Outra atividade que se destacou foi a realização de uma mesa redonda sobre intolerância religiosa e seus impactos na condição cidadã. Organizado pelos próprios alunos da Escola Municipal Jardim América, em Goiânia, sob a supervisão do professor Magno Emerson Barbosa, o evento contou com a participação de especialistas de diversas religiões e culminou na produção de vídeos sobre o tema.

“O projeto apresenta alto potencial de fortalecimento da aprendizagem escolar, pois parte da leitura do mundo, da observação do cotidiano, das problemáticas que afetam os jovens escolares para o estudo sistematizado dessas questões”, explica a doutora em geografia e pesquisadora Karla Annyelly Teixeira De Oliveira. De acordo com ela, o projeto está em andamento nas escolas Centro Educacional de Período Integral Gomes de Souza Ramos, em Anápolis, e Escola Municipal Jardim América, em Goiânia. No encerramento do ano, está prevista a realização de um seminário com as escolas participantes no semestre.

Anos finais
O impacto dessa iniciativa foi tema da pesquisa “Nós propomos! Goiás: construção do pensamento geográfico e atuação cidadã dos alunos dos Anos Finais do Ensino Fundamental”, coordenada por Karla Annyelly. O estudo teve apoio do Itaú Social e Fundação Carlos Chagas, por meio do Edital de Pesquisa Anos Finais do Ensino Fundamental, que fomentou pesquisas para a construção de soluções e superação dos desafios no período escolar do 6º ao 9º ano, promovendo a interação entre a academia e a realidade escolar.

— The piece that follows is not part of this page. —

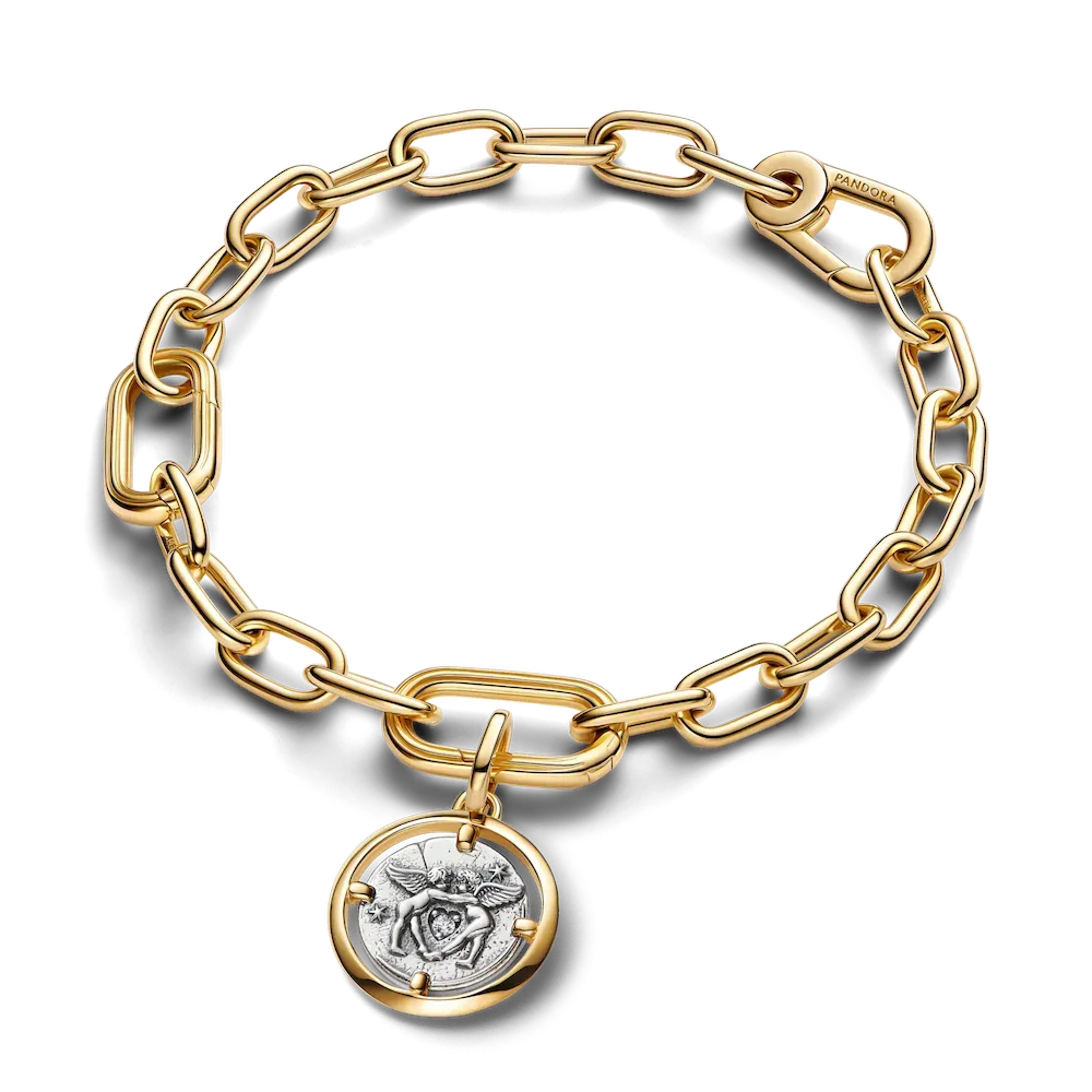 Embrace your destiny with a set inspired by ancient coins. This mixed metal medallion features the engraved Latin message ‘AMOR FATI’. Pair with our 14k gold-plated link chain bracelet for a look rich in meaning.

Os Anos Finais são considerados uma das etapas mais desafiadoras da Educação Básica. Seus estudantes, que se encontram na transição da infância para a adolescência, lidam com transformações físicas, emocionais e comportamentais. “Precisamos urgentemente priorizar as políticas públicas dos Anos Finais do Fundamental em busca de soluções práticas: sim, assim mesmo, no plural, já que são muitas adolescências”, explica a superintendente do Itaú Social, Angela Dannemann.

A defasagem idade-ano nos Anos Finais, ou seja, estudantes que repetiram dois anos ou mais, chegou a 22,7% (Inep 2020). O projeto realizado em Goiás teve como objetivo contribuir com para a melhoria da aprendizagem dos alunos dos anos finais do Ensino Fundamental. “Temos como ponto de partida as problemáticas e demandas que os próprios estudantes têm em relação ao seu cotidiano e local de vivência. Isto é, a metodologia é desenvolvida a partir das motivações e do interesse dos alunos por conhecer mais sobre as problemáticas vividas. Assim, por meio da investigação dessas problemáticas, os conhecimentos geográfico, científico e cidadão são desenvolvidos”, explica a coordenadora da pesquisa.

Um dos principais desafios nessa etapa é lidar com o maior número de professores. De acordo com a pesquisa “Educação na perspectiva dos estudantes e suas famílias”, realizada pelo Datafolha, a pedido do Itaú Social, da Fundação Lemann e do BID (Banco Interamericano de Desenvolvimento) em julho de 2022, cerca de metade dos estudantes (47%) do Ensino Fundamental tem alguma dificuldade em ter vários docentes. O aumento da complexidade dos exercícios matemáticos e dos textos mais longos para leitura também são mudanças vistas com alguma dificuldade para 73% e 56% dos alunos, respectivamente.